Le choix de votre avocat est primordial pour garantir une procédure fluide et efficace. Voici quelques critères à considérer :

  • Spécialisation en droit de la famille : Un avocat spécialisé possède l’expertise nécessaire pour gérer toutes les spécificités du divorce.
  • Expérience : Un avocat expérimenté saura anticiper les difficultés et vous conseiller au mieux.
  • Communication : Choisissez un avocat avec qui vous vous sentez à l’aise et qui communique clairement et régulièrement avec vous.
  • Transparence sur les honoraires : Un bon avocat vous fournira une convention d’honoraires détaillée dès le début.
  • Approche amiable : Pour un divorce par consentement mutuel, privilégiez un avocat dont l’approche est orientée vers la négociation et la recherche de solutions amiables.

N’hésitez pas à consulter plusieurs avocats avant de prendre votre décision. La première consultation est souvent l’occasion de vérifier le « feeling » et de poser toutes vos questions sur la procédure et les honoraires. izi-avocat.fr vous permet justement de bénéficier d’une première consultation gratuite pour vous aider dans ce choix.

Les erreurs à éviter pour un divorce rapide

Pour que votre divorce par consentement mutuel se déroule dans les meilleurs délais, il est important d’éviter certaines erreurs courantes :

  • Manque de préparation : Ne pas collecter tous les documents nécessaires en amont retarde inévitablement la procédure.
  • Désaccords persistants : Tenter un divorce amiable sans un réel accord de fond sur les points essentiels conduira à des négociations longues et coûteuses, voire à un échec de la procédure amiable.
  • Manque de communication : Ne pas communiquer efficacement avec votre avocat ou avec l’autre partie (par l’intermédiaire des avocats) peut ralentir les échanges.
  • Rétention d’informations : Ne pas être transparent sur votre situation financière ou patrimoniale peut entraîner des blocages.
  • Changement d’avis fréquent : Des hésitations répétées sur les termes de la convention prolongeront la procédure.
  • Négliger le délai de réflexion : Bien qu’incompressible, il ne doit pas être une période d’inaction. Utilisez-le pour relire attentivement la convention et poser d’éventuelles questions.

En évitant ces pièges et en travaillant de concert avec votre avocat, vous maximiserez vos chances d’obtenir un divorce par consentement mutuel rapide et serein.

Questions fréquentes sur la durée d’un divorce par consentement mutuel

Un divorce par consentement mutuel peut-il être refusé par le juge ?

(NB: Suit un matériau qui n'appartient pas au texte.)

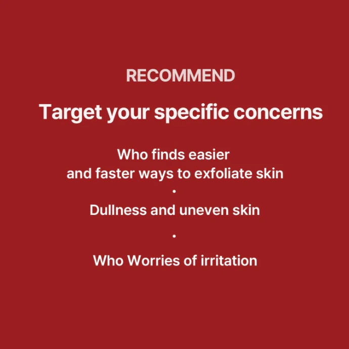 Grâce à sa formule concentrée en AHA et BHA, il offre une exfoliation efficace : les AHA éliminent les cellules mortes en surface pour lisser le grain de peau, tandis que les BHA pénètrent en profondeur pour désobstruer les pores et réduire les points noirs. Ce soin est idéal pour améliorer les irrégularités de texture, le maquillage qui accroche (“cakey”) et le manque d’éclat, tout en favorisant un teint plus uniforme et éclatant. Il s’adresse particulièrement aux personnes recherchant une solution rapide et efficace pour exfolier la peau, tout en restant adapté à ceux qui craignent l’irritation (à condition d’avoir déjà une certaine tolérance aux acides).
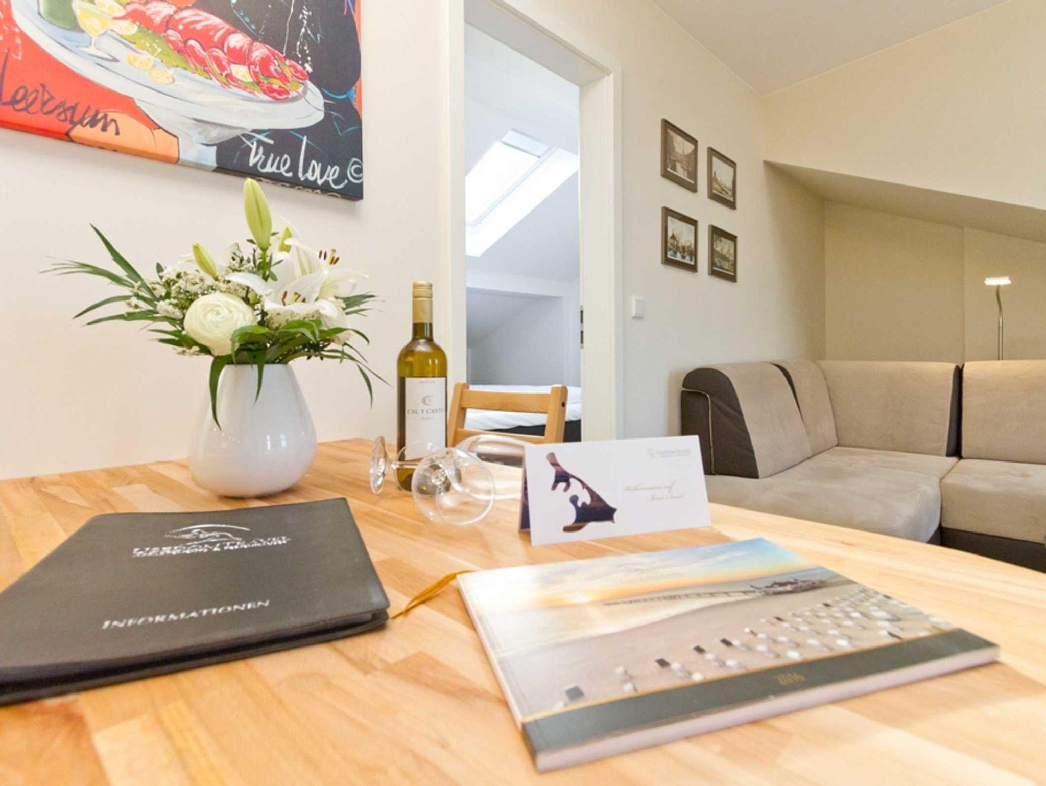 Das helle 2-Raum-Appartement lädt zum Träumen und Urlauben unter dem Dach der Villa Livia ein. Auf 35 Quadratmeter erwartet Sie ein mit Liebe zum Detail eingerichtetes Traumappartement.
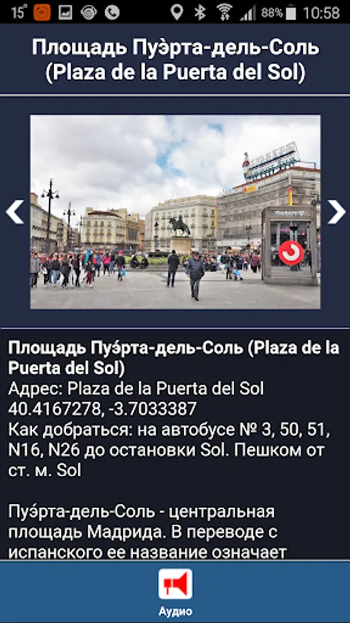 ● Audio guides in Madrid. Stories audioguide sounded a professional speaker. Listen to stories, without detracting from the sightseeing and not wasting time. It is not necessary once again to spoil the sight reading on the move text on a small screen.
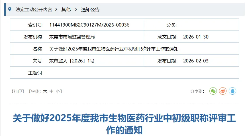 东莞市市场监督管理局发布了《关于做好2025年度我市生物医药行业中初级职称评审工作的通知》,具体情况如下:
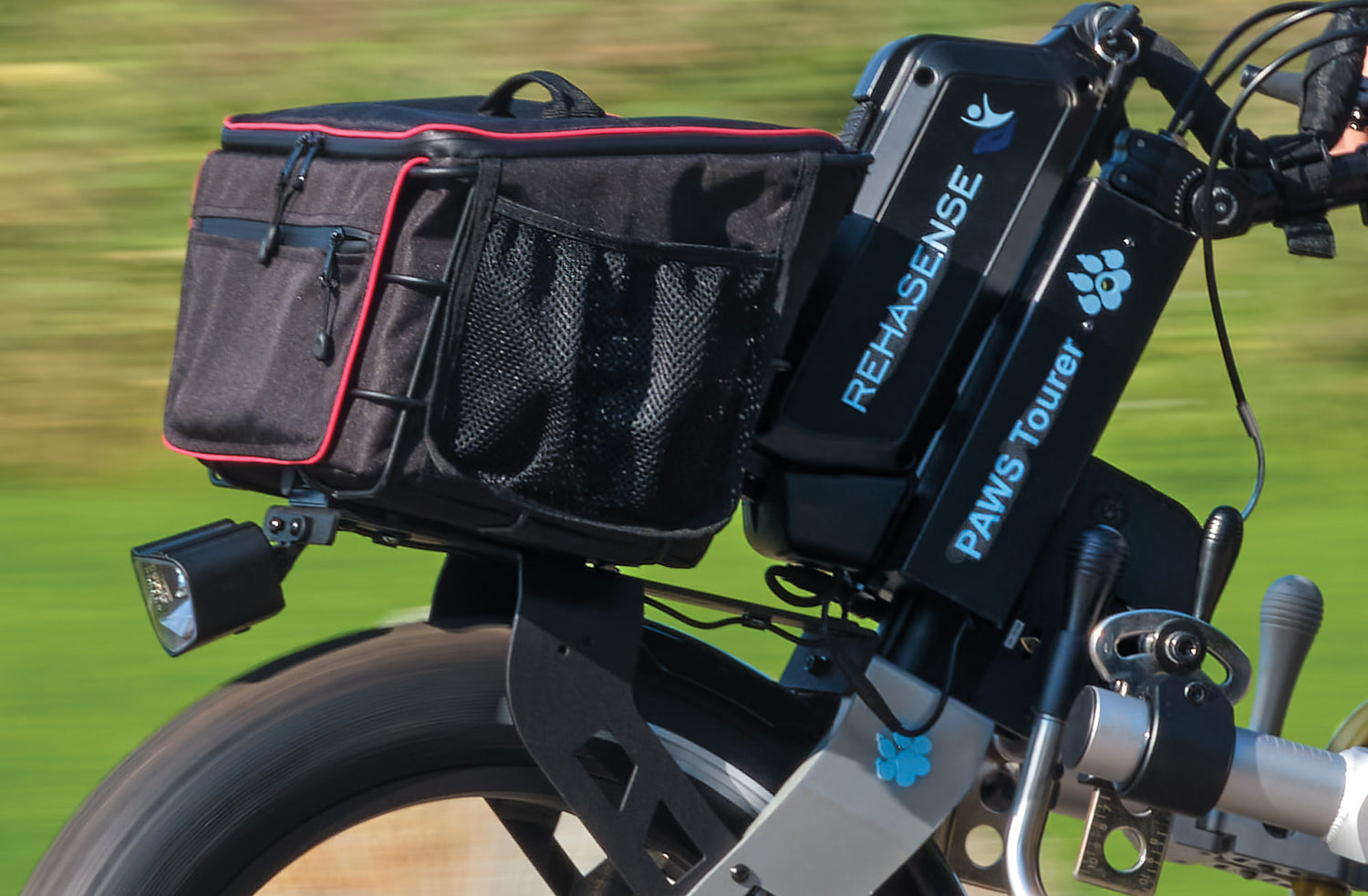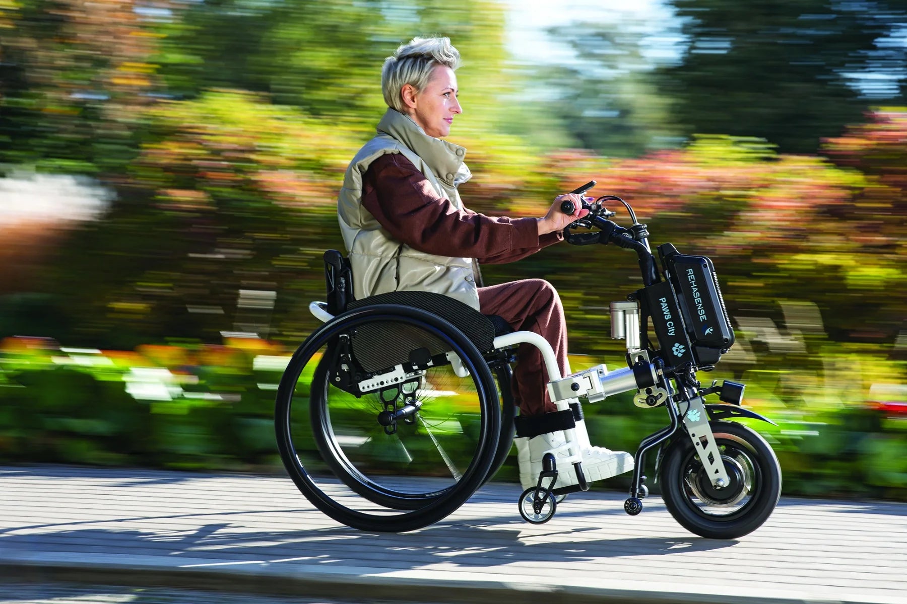The Rehasense PAWS City is a powered bike attachment that clamps onto a manual wheelchair. This transforms the manual wheelchair into a powered trike that enables increased independence.
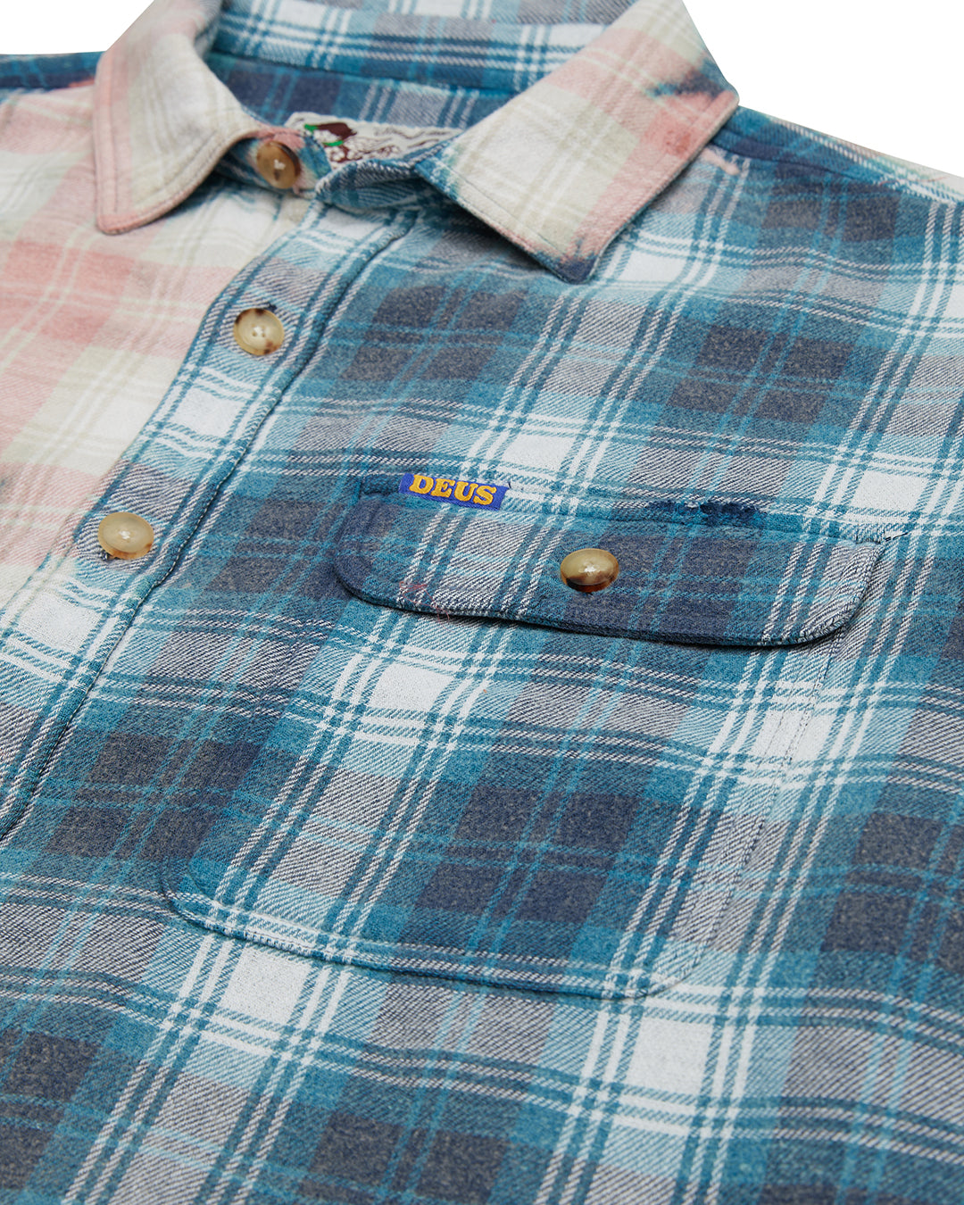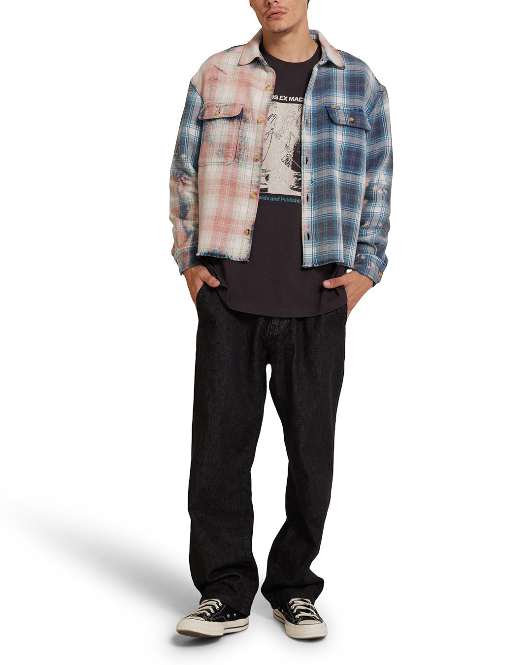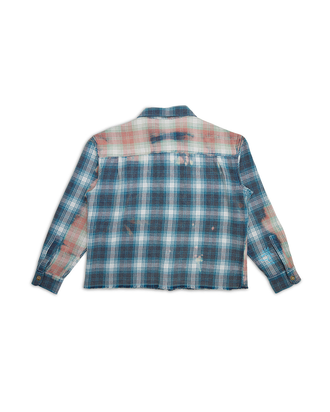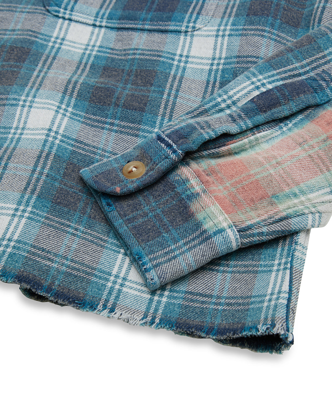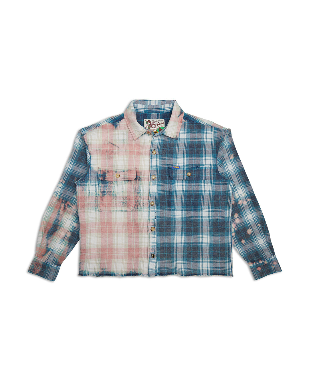 The Double Fantasy shirt is just that, a real best of both worlds. Everything you love about a classic flannel shirt gets treated to a relaxing day at the bleach for a totally unique distressed finish. The Double Fantasy is an oversized fit, yarn dyed, bonded flannel shirt, cropped with a raw edge and features real horn buttons, double front pockets and heavy enzyme stone wash.

Non, depuis la réforme de 2017, le divorce par consentement mutuel ne passe plus devant le juge, sauf exceptions (enfant mineur demandant à être entendu). Ce sont les avocats et le notaire qui s’assurent de la conformité de la convention.

Que se passe-t-il si l’un des époux change d’avis pendant la procédure ?

Si l’un des époux change d’avis avant la signature de la convention de divorce, la procédure amiable est interrompue. Il faudra alors envisager un autre type de divorce, ou tenter une nouvelle négociation.

Peut-on accélérer un divorce par consentement mutuel ?

Oui, il est possible d’accélérer la procédure en préparant tous les documents nécessaires en amont, en communiquant efficacement avec votre avocat, et en vous mettant d’accord rapidement sur tous les points de la convention de divorce.

Est-il obligatoire d’avoir un avocat pour un divorce par consentement mutuel ?

Oui, depuis la loi de 2017, chaque époux doit obligatoirement être assisté de son propre avocat pour un divorce par consentement mutuel par acte sous signature privée contresigné par avocats.

Quels sont les documents nécessaires pour un divorce par consentement mutuel ?

Les documents principaux sont : livret de famille, actes de naissance des époux et des enfants, acte de mariage, contrat de mariage (si applicable), avis d’imposition, titres de propriété immobilière, etc. Votre avocat vous fournira une liste exhaustive.